JP2001035985A - Semiconductor device sealed with resin - Google Patents

Abstract

PROBLEM TO BE SOLVED: To suppress increase in cost to a low level and reduce occurrence of resinous burrs on the soldering face of a heat radiation plate at molding. SOLUTION: A clamp region 6 to be clamped with a mold at molding and a soldering region 7 to be fixed by solder or conductive paste are formed on a face which is exposed without being sealed with resin, among a heat radiation plate 5 sides, and also a groove 8, is formed in the clamp region 6 molded in the heat radiation plate 5. Hereby, resinous burrs stay in the groove 8, which can prevent leakage of resin to the soldering region 7.

Description

DETAILED DESCRIPTION OF THE INVENTION

[0001]

BACKGROUND OF THE INVENTION 1. Field of the Invention The present invention relates to a resin-sealed semiconductor device in which burrs are prevented from occurring during resin sealing of an IC.

[0002]

2. Description of the Related Art Conventionally, a heat generating chip such as a power MOS is die-bonded directly to a heat sink instead of an island of a lead frame, and the heat sink is exposed and protruded from a package surface to improve heat radiation. Many things have been proposed. (Japanese Patent Laid-Open No. 54-18280)
FIGS. 18 and 19)
FIG. 1 relates to a conventional resin-encapsulated semiconductor device.
8 is a sectional view taken along section II in FIG. 19, and FIG. 19 is a bottom view of the resin-sealed semiconductor device of FIG. 18 as viewed from the back.

[0003]

In the package structure, since the surface of the heat radiating plate is flat, the pressing at the time of molding is insufficient, and resin burrs 15 are generated on the heat radiating plate 5 exposed from the resin body 14. There was a problem. This resin burr has a problem that the appearance is poor in appearance, and when the heat sink 5 of the semiconductor device is soldered to a printed circuit board, the resin burr reduces the thermal contact area with the substrate. In order to solve this, a step of removing resin burrs is required, but there is a problem that the number of steps increases and the cost increases.
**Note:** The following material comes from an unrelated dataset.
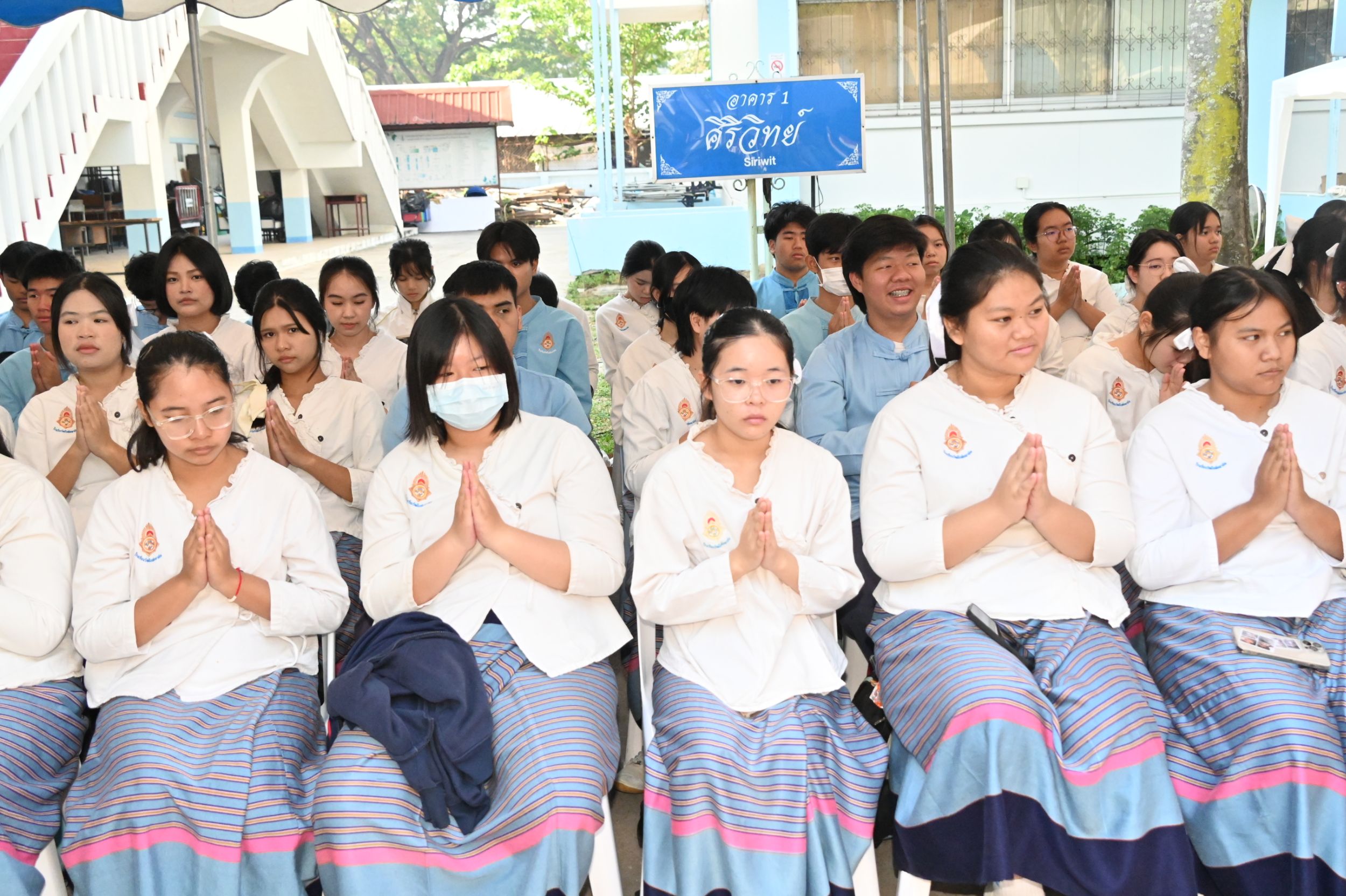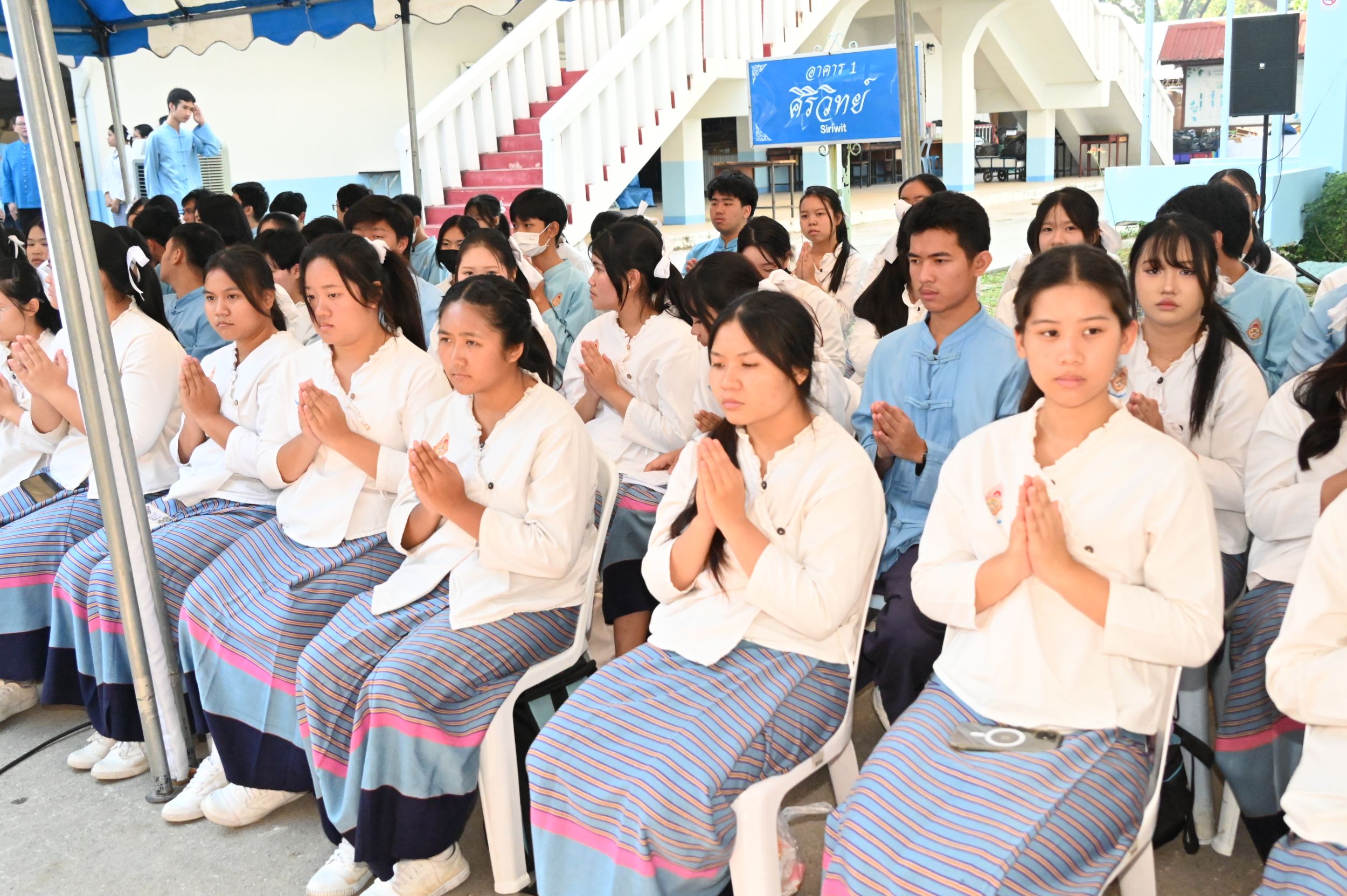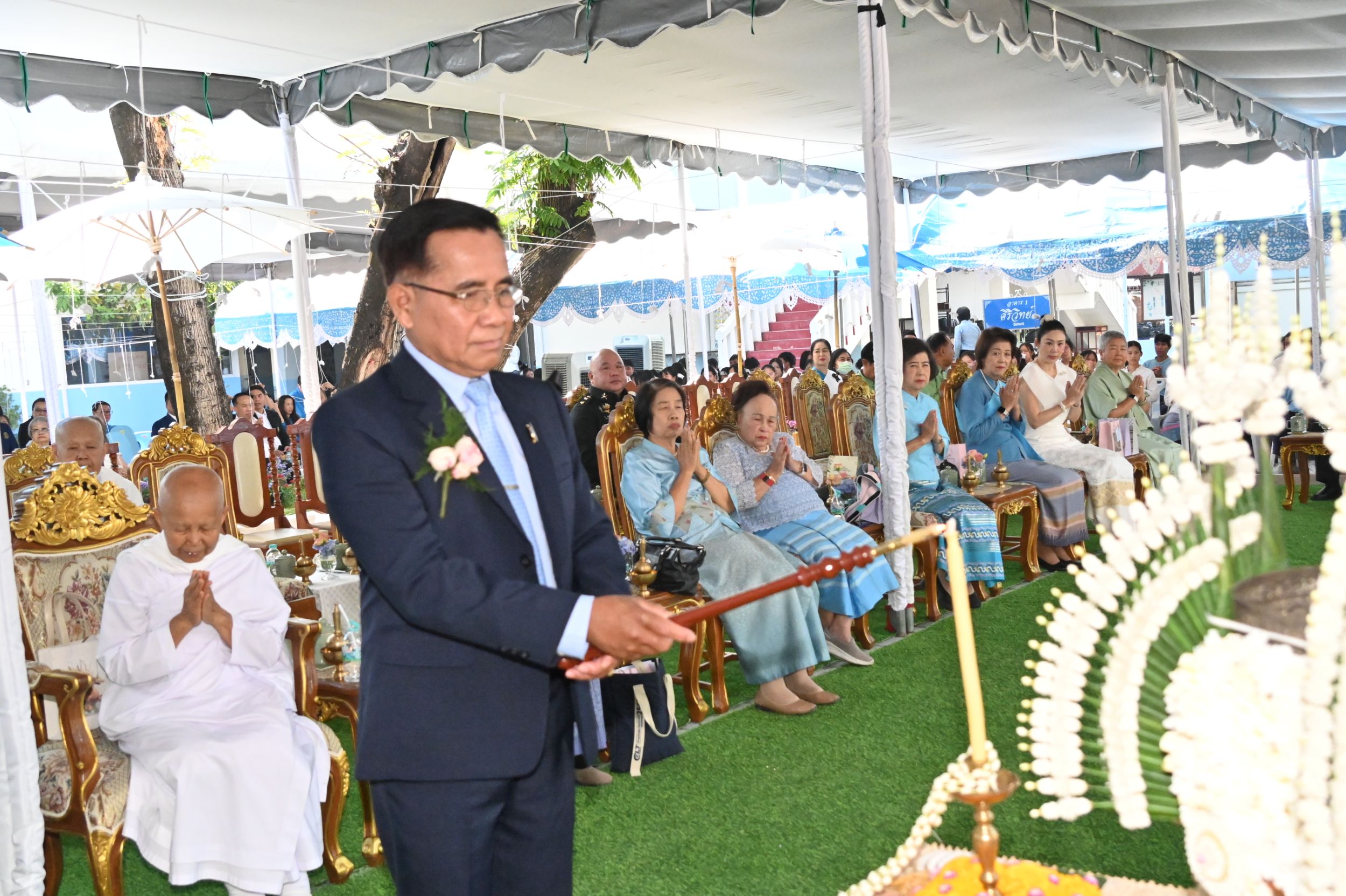 ช่วงเช้าเริ่มต้นด้วยพิธีทำบุญตักบาตรข้าวสารอาหารแห้งแด่พระภิกษุสงฆ์และสามเณร จำนวน 109 รูป จากโครงการบรรพชาสามเณรภาคฤดูร้อน ประจำปี 2569 จาก วัดสวนดอก พระอารามหลวง ณ ลานพระราชานุสาวรีย์ สมเด็จพระศรีสวรินทิรา บรมราชเทวี พระพันวัสสาอัยยิกาเจ้า เพื่อความเป็นสิริมงคลแก่คณะผู้บริหาร ครู บุคลากร และนักเรียน

In order to suppress the occurrence of resin burrs on such a heat sink, Japanese Patent Application Laid-Open No. Sho 59-10242 discloses that a shallow concave portion is formed on the exposed lower surface of the heat sink to prevent the resin from being sealed. The contact area with the mold is reduced to increase the surface pressure to prevent the generation of resin burrs.

In Japanese Patent Application Laid-Open No. 4-199664, a convex portion is formed on the surface of a heat radiating plate, and a portion to be pressed by a mold at the time of sealing is made only a convex portion so that sufficient pressing can be performed. Has been reduced. However, there is a problem that the precision of the flatness of the surface of the heat sink that contacts the mold is required, and the manufacturing cost is increased.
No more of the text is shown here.